Dear Governor Spencer Cox:
The American Civil Liberties Union of Utah (ACLU of Utah) strongly urges you to veto HB226, Criminal Amendments, which subjects immigrants and refugees—including green card holders—to severe immigration consequences, including almost certain immigration detention and deportation for minor offenses.
This bill isn’t about public safety—it’s about building a harsh deportation pipeline that targets immigrants and refugees for low-level infractions. HB226 reverses the progress made by a unanimously passed law in 2019 that removed the threat of automatic deportation and restored judicial discretion in immigration proceedings for immigrants and refugees by reducing the maximum penalty for all Class A misdemeanors to 364 days. Under HB226, immigrants—even many of those with lawful status—who have pled to or been convicted of one of the Class A misdemeanors specified in the bill will be forced into deportation proceedings in which the immigration judge lacks any discretion to consider the underlying circumstances of the offense or background of the individual. This could lead to devastating consequences; for example, an immigration judge could not do anything to stop a domestic violence victim from being deported if they were convicted of assaulting their abuser.

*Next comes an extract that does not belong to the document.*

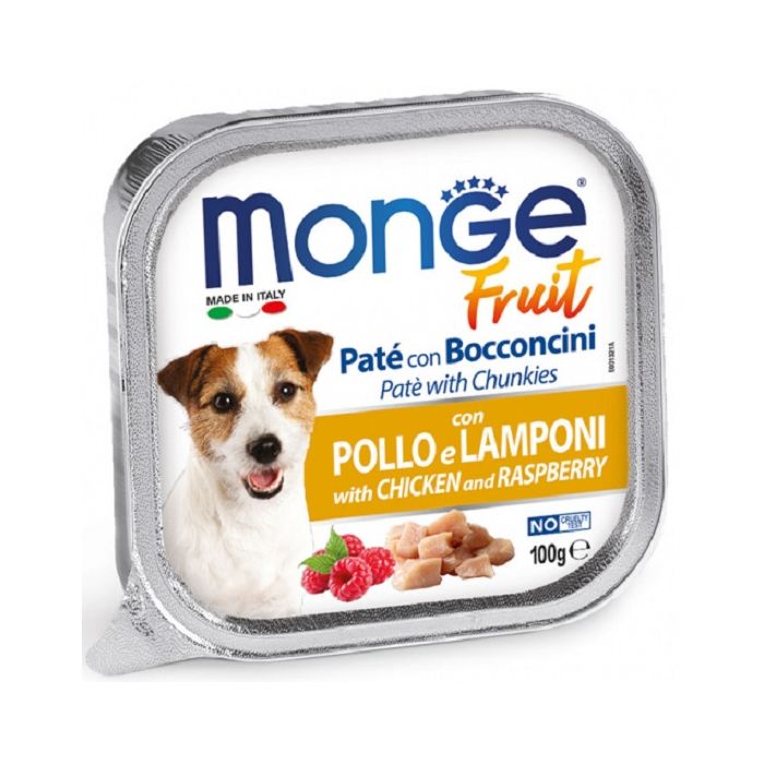 Monge Fruit Pasztet dla dorosłego psa z kurczakiem i malinami z wyczuwalnymi kawałkami, stworzony według oryginalnej włoskiej receptury. Niezwykle odżywczy, z dodatkiem kurczaka i malin, bez barwników, konserwantów i tłuszczów typu trans.
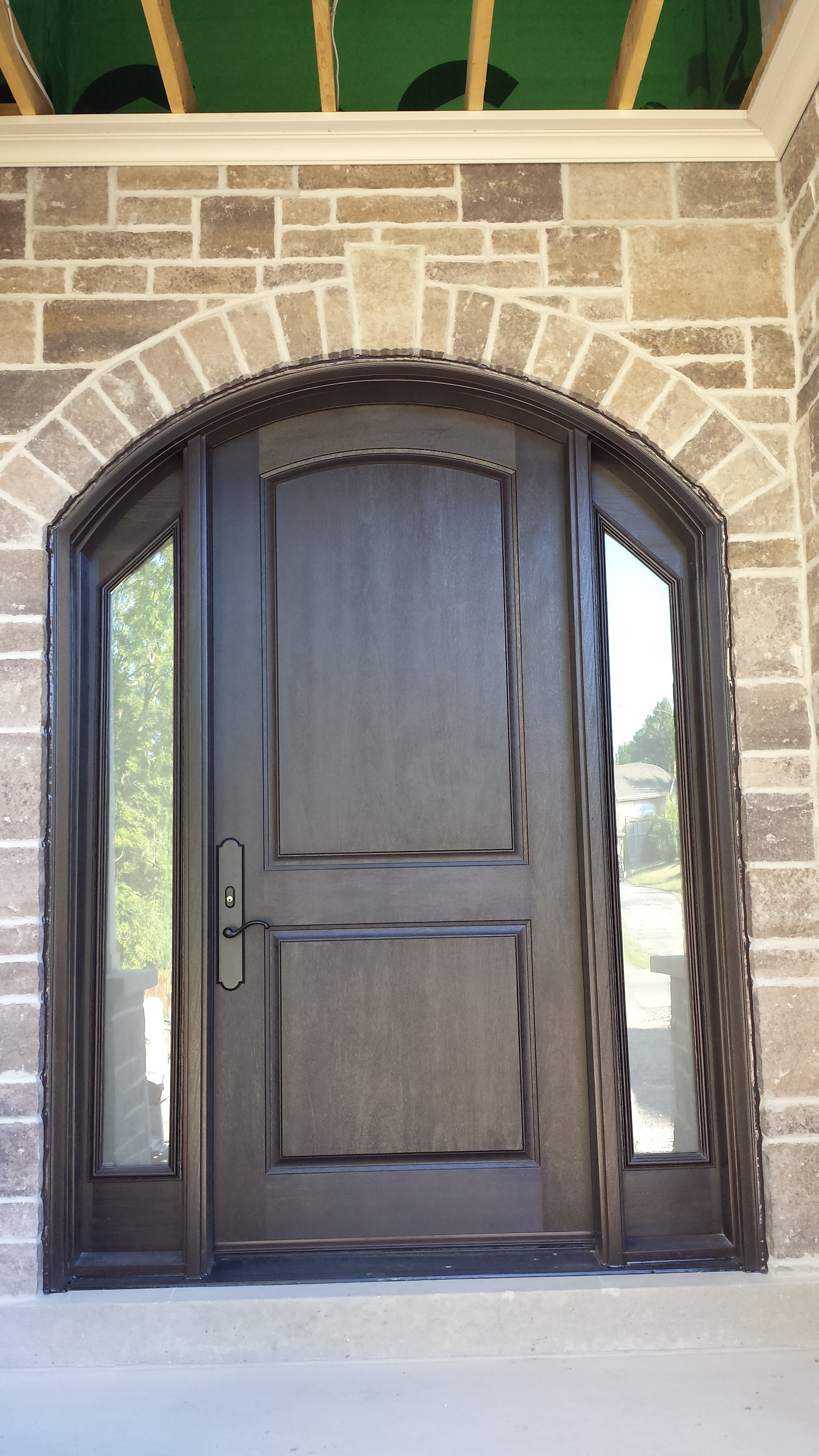 Fiberglass Arch Door with Sidelites and matching tansom interior look

Forcing local law enforcement to notify Immigration and Customs Enforcement before releasing undocumented individuals from prisons and jails at the end of their sentence creates a dangerous entanglement between local law enforcement and federal immigration authorities. Requiring local law enforcement to play a role in immigration enforcement is an unnecessary burden on them that also undermines community trust in law enforcement. Ascertaining which individuals in criminal custody are undocumented is a complex and murky task that, if not undertaken with safeguards and care, can lead to erroneous assumptions and reliance on profiling and dangerous stereotypes.
HB226 inextricably links the civil immigration system and the criminal legal system, making automatic deportation an additional penalty for minor criminal convictions. Immigrants and refugees are vital members of our communities, and if HB226 becomes law, it will deliver lasting, disproportionate harm to people we know and care about.
For these reasons, we strongly urge you to veto HB226.